• Exercise directions: Since the listing below shows pictures, leave them out and write out exactly the lines from the line with "当制冷剂通过孔板时,它会经历" to the line with "Vanuit de open", both included, and no others.

• Exercise data:
┌──

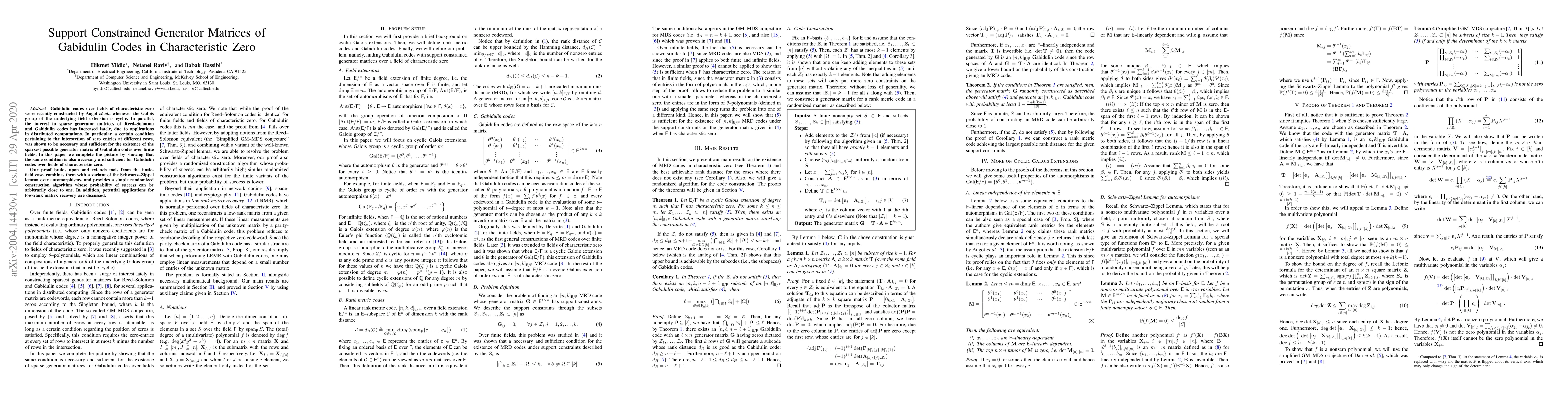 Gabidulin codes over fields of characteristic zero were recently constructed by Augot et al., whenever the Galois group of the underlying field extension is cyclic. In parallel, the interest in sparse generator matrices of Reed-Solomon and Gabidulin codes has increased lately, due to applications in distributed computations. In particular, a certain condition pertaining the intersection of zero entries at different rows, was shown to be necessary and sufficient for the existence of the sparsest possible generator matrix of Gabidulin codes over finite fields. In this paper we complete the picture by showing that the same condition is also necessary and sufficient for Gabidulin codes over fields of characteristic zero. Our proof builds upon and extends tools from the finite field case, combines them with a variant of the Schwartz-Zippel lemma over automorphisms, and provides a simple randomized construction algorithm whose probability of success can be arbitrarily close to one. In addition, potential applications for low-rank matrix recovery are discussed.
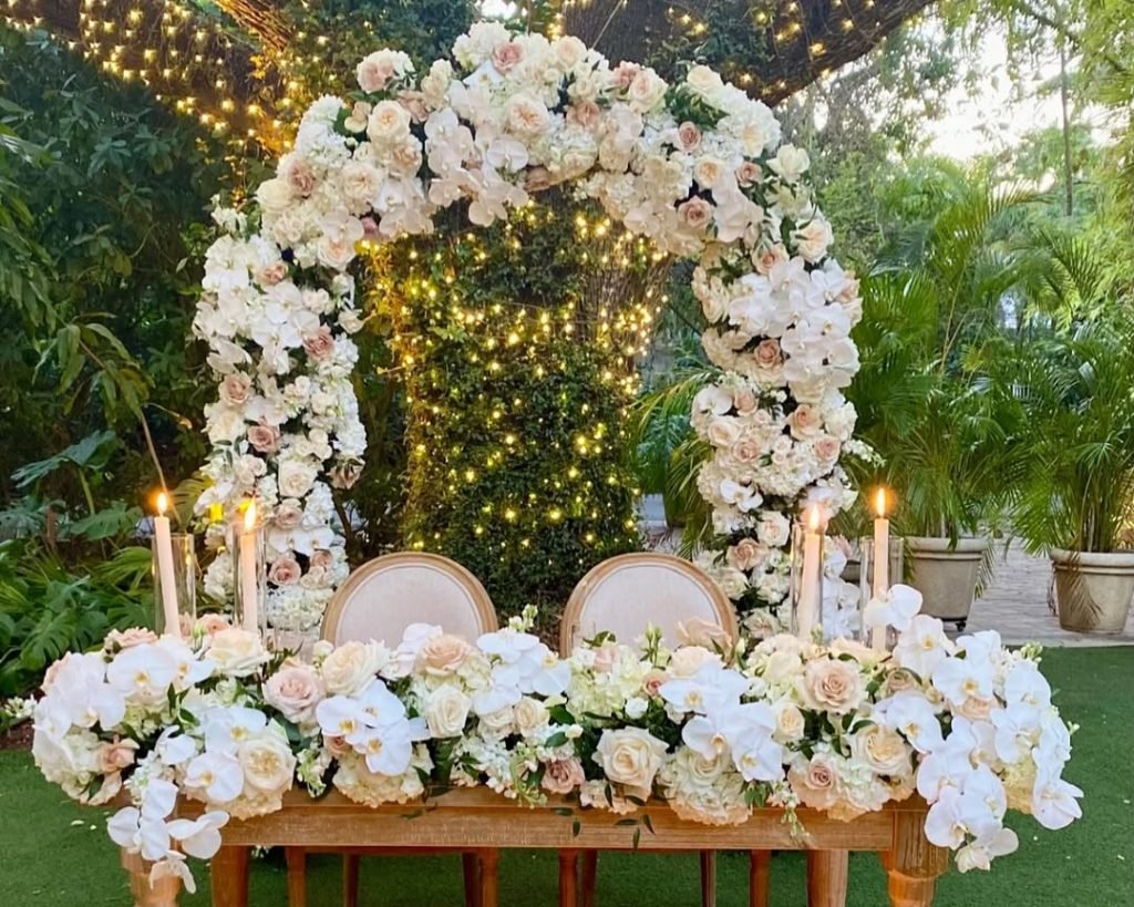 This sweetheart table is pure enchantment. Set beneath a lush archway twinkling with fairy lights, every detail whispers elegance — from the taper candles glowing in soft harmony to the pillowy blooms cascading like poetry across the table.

└──
┌──

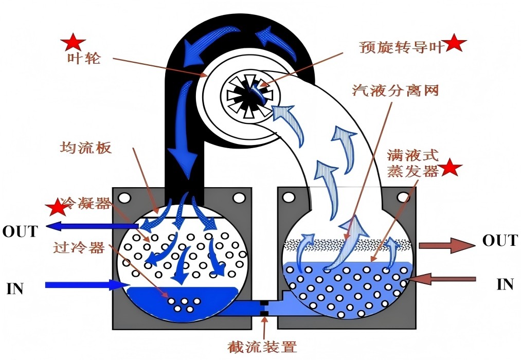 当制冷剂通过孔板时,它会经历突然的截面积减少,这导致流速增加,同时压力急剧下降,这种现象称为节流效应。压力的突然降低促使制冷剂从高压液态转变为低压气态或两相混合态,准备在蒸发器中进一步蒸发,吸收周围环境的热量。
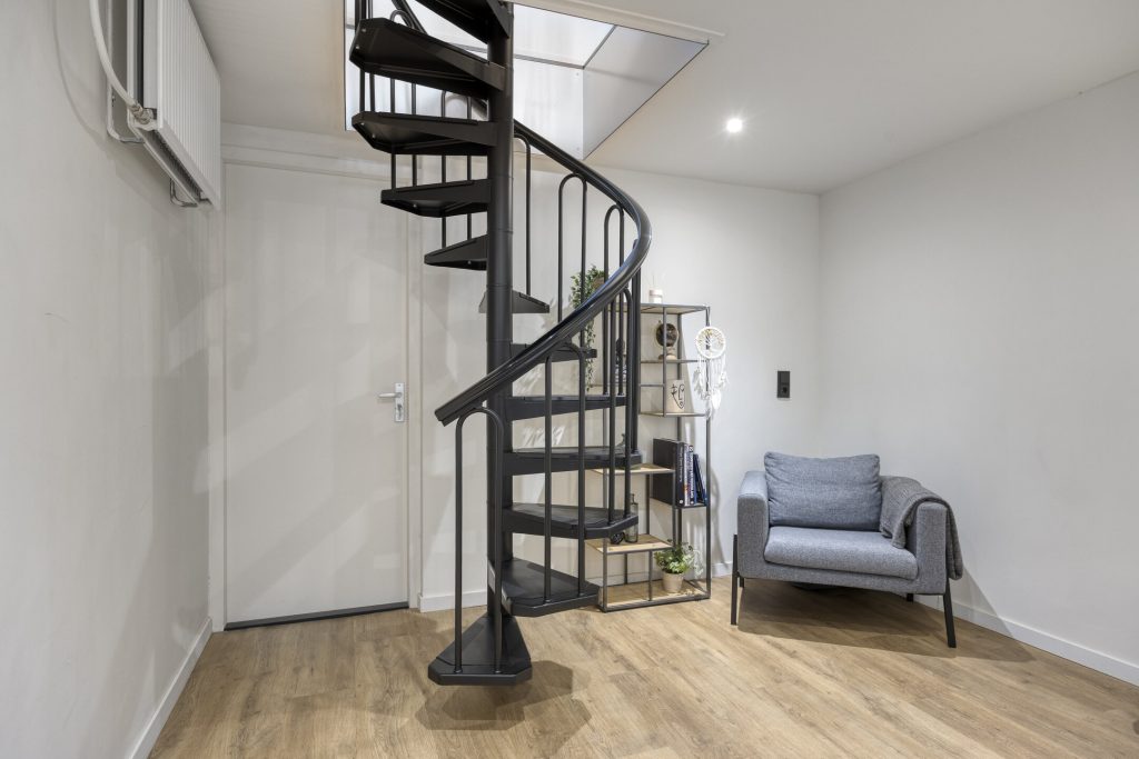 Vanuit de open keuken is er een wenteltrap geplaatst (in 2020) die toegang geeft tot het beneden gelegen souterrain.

└──

• Written answer:
 当制冷剂通过孔板时,它会经历突然的截面积减少,这导致流速增加,同时压力急剧下降,这种现象称为节流效应。压力的突然降低促使制冷剂从高压液态转变为低压气态或两相混合态,准备在蒸发器中进一步蒸发,吸收周围环境的热量。
 Vanuit de open keuken is er een wenteltrap geplaatst (in 2020) die toegang geeft tot het beneden gelegen souterrain.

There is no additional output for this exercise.